CHP Genel Başkanı Özgür Özel, 24 Mart tarihinde İstanbul Büyükşehir Belediyesi merkezli yapılan soruşturmalar sonucunda tutuklanan Ekrem İmamoğlu’nun ardından düzenlenen bir mitingde önemli bir boykot listesi açıkladı. Bu miting, siyasi atmosferin oldukça gergin olduğu bir dönemde gerçekleşti ve İmamoğlu’nun tutuklanması, muhalefet partisi olan CHP içinde derin bir öfke ve tepki uyandırdı. Özgür Özel, bu bağlamda iktidar tarafından işletilen medya organlarına ve iktidara yakın sermayeye karşı duruş sergilediklerini dile getirerek, bu durumu bir protesto biçimi olarak gördüklerini ifade etti.
Boykot sitesi açıldı
Mitingin hemen ardından, boykot çağrıları daha da güçlenerek sosyal medya ve diğer dijital platformlarda yankı buldu. Bu süreçte, ‘boykotyap.com’ isimli bir web sitesi yayına girdi. Ancak, bu site yalnızca iki gün boyunca erişilebilir kaldı ve ardından erişime engellendi. Bu engellemenin hemen ardından, site 12 saat içerisinde ‘boykotyap.net’ ismiyle yeniden açıldı. Ancak bu site de sadece kısa bir süre içinde 2 Nisan 2023 tarihinde erişimden kaldırıldı. Engellemelerin ardı arkası kesilmedi ve aynı gün içerisinde, boykot hareketini destekleyen bir diğer platform olan ‘boykotyap.org’ kuruldu. Bu yeni siteye de, Engelli Web’in aktardığı bilgiye göre, Küçükçekmece 3’üncü Sulh Ceza Hakimliği tarafından erişim engeli getirildi.

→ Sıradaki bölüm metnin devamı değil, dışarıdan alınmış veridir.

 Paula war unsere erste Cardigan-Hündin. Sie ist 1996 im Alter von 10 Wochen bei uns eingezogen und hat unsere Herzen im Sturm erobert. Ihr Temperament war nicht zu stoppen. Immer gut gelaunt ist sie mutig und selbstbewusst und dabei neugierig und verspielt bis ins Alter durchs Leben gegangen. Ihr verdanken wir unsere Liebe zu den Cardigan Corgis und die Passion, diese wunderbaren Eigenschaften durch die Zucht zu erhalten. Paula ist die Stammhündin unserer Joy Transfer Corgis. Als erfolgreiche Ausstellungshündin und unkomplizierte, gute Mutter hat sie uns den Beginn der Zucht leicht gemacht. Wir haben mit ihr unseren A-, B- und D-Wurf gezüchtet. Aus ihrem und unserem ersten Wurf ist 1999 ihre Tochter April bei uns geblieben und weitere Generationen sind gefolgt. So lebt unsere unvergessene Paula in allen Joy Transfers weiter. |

Yaşanan bu olaylar, Türkiye’de ifade özgürlüğü ve dijital platformların kullanımıyla ilgili ciddi tartışmalara yol açtı. Medya özgürlüğü ve sansür konuları, iktidar ve muhalefet arasındaki gerilimle birlikte tekrar gündeme geldi. CHP’nin bu boykot çağrısı, geniş kitleler arasında belli başlı medya kuruluşlarına olan güvenin azalmasına neden oldu. Ayrıca, sosyal medyada ve diğer iletişim kanallarında bu boykotun yayılması, muhalefetin kendi dijital kampanyalarını nasıl yürüttüğünü gözler önüne serdi.
Tüm bu gelişmeler, Türkiye’deki siyasi ortamın giderek daha dinamik ve karmaşık hale geldiğini gösteriyor. İktidarın medya üzerindeki kontrolü ile muhalefetin buna karşı geliştirdiği stratejiler, Türkiye’nin geleceği üzerinde önemli etkilere sahip olabilir. Özgür Özel’in öncülüğünde gerçekleşen bu boykot çağrısı, muhalefetin birleşik bir cephe oluşturarak iktidara karşı bir duruş sergileme çabasını simgeliyor. Ancak, bu hareketlerin ne ölçüde etkili olacağı ve toplumda ne tür bir etki yaratacağı önümüzdeki süreçte belirsizliğini koruyor.
Sonuç olarak, Türkiye’de muhalefet partileri arasında birleşik bir hareket ihtiyacı artarken, Özgür Özel’in öncülüğündeki bu girişimler, gelecekte daha fazla tartışmaya ve eyleme yol açabilir. Özellikle dijital platformların rolü ve medya özgürlüğü konuları, Türkiye’nin demokratik süreçleri açısından hayati önem taşımaktadır. Bu bağlamda, boykot hareketleri ve medya üzerindeki engellemeler, toplumun farklı kesimleri nezdinde daha geniş bir farkındalık yaratabilir.